How to prove $\mathcal{K}:\nabla \nabla T$ = $ k \cdot \nabla^2 T$

Question

I'm trying to demonstrate that: $\mathcal{K}:\nabla \nabla T$ == $ k \cdot \nabla^2 T$ where $\mathcal{K}$ is a second-order tensor.

Considering that:

\begin{equation} \mathcal{K} = kI \tag{1} \end{equation}

$k$ is constant, and $I$ is the identity tensor (second-order).

I know that $\nabla\nabla T = \nabla^2 T$ which means that if:

$\mathcal{K}:\nabla \nabla T = k \cdot \nabla^2 T$

Then the double dot product "$\mathcal{K}:$" has to be equal to the dot product "$kI \cdot$" with $\nabla^2T$ but I don't know how to demonstrate that.

Answer 1

I will assume that by $$\mathbf K:\nabla\nabla \mathbf T$$ Taking $T$ to be a $(p,q)$ tensor, that you mean, in indices, $$K^{lm}\nabla_l\nabla_mT^{i_1\dots i_p}{}_{j_1\dots j_q}$$ I will stick to the case of $T$ being a $(2,0)$ tensor, but this generalizes with no problems.

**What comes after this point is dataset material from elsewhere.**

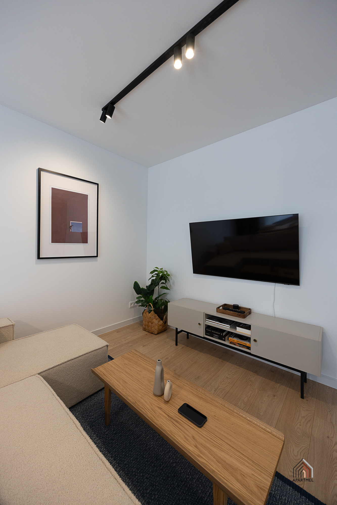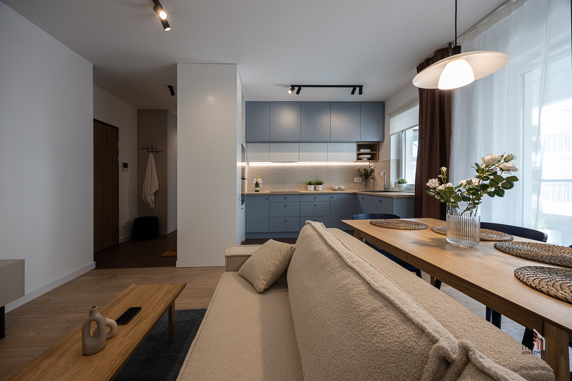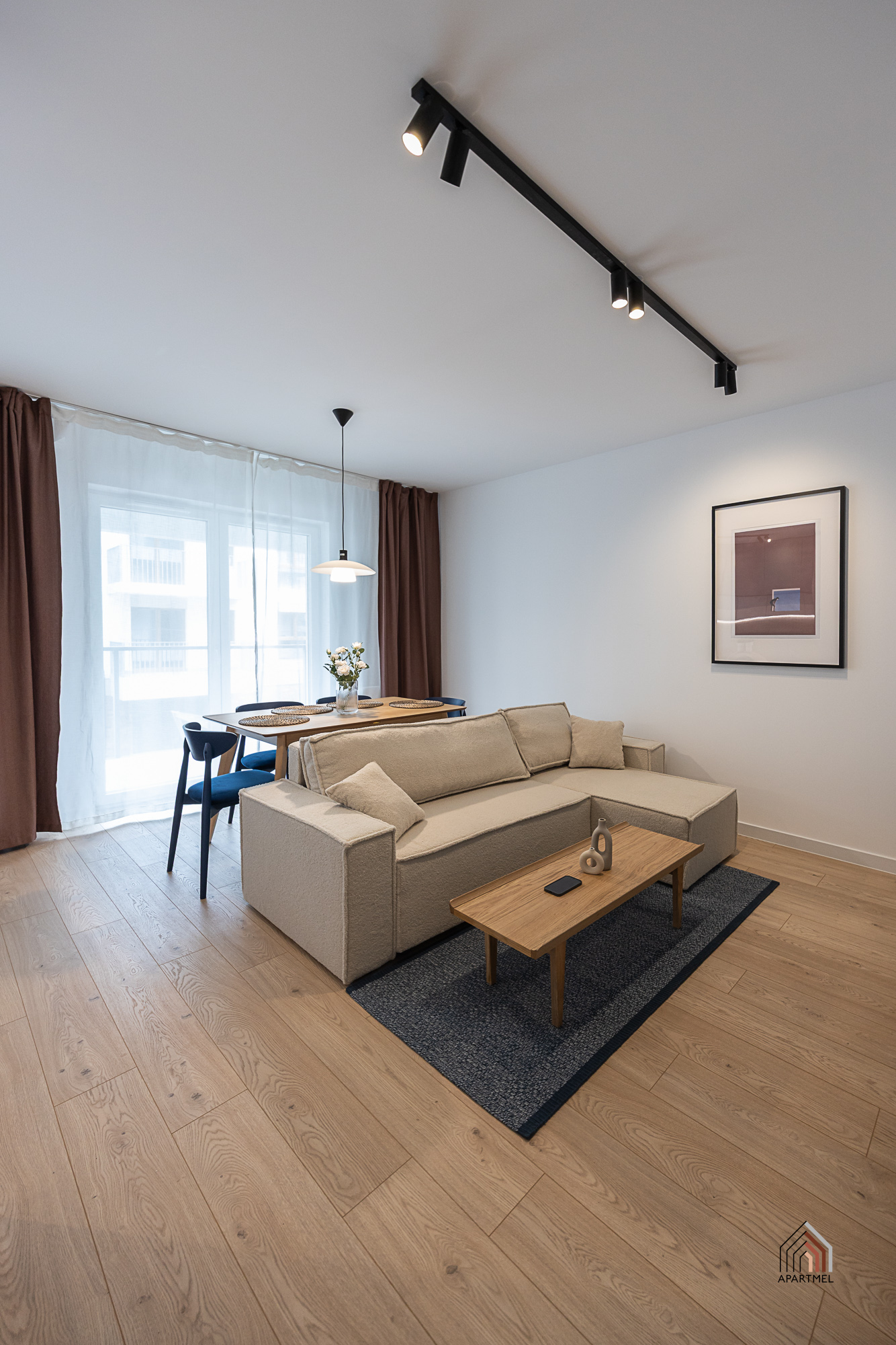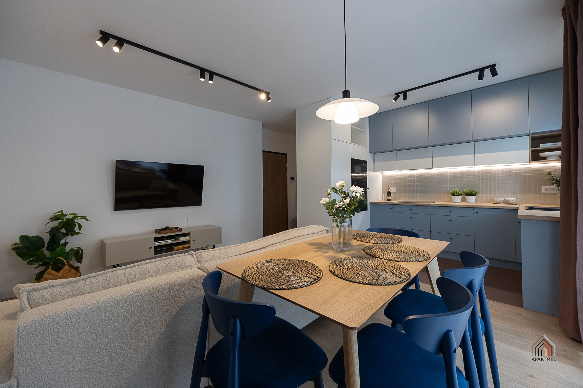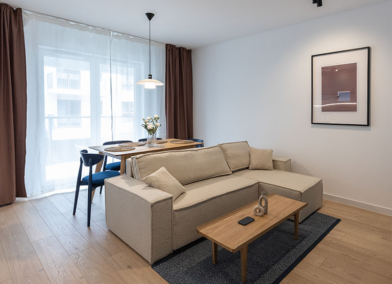 Wygodna i stylowa przestrzeń pokoju dziennego zachwyca ascetyczną gamą barw. To wnętrze dla osób świadomych swojego gustu i upodobań. Kolory biały i grafitowy są tu przewodnim motywem aranżacji. Jasna, otwarta przestrzeń pozwala na dobrą komunikację w trakcie różnych, codziennych czynności. W pokoju znajduje się wygodna, rozkładana do spania kanapa, szafka RTV, telewizor 55" Samsung 4K Smart TV, stolik kawowy, dywan, zasłony i żaluzje, prostokątny stół oraz 4 krzesła.

The equation $\mathbf K=k\mathbf I$ means $$K^i{}_j=k\delta^i_j$$ Equivalently we can raise an index $$K^{ij}=kg^{ij}$$ So $$(K:\nabla\nabla T)^{ij}=K^{lm}\nabla_l\nabla_mT^{ij} \\ =kg^{lm}\nabla_l\nabla_m T^{ij}$$ But of course $g^{lm}\nabla_l=\nabla^m$ hence $$(K:\nabla\nabla T)^{ij}=k \nabla^m\nabla_m T^{ij}=k\Delta T^{ij}$$ Since $\nabla^m\nabla_m=\Delta$ by definition.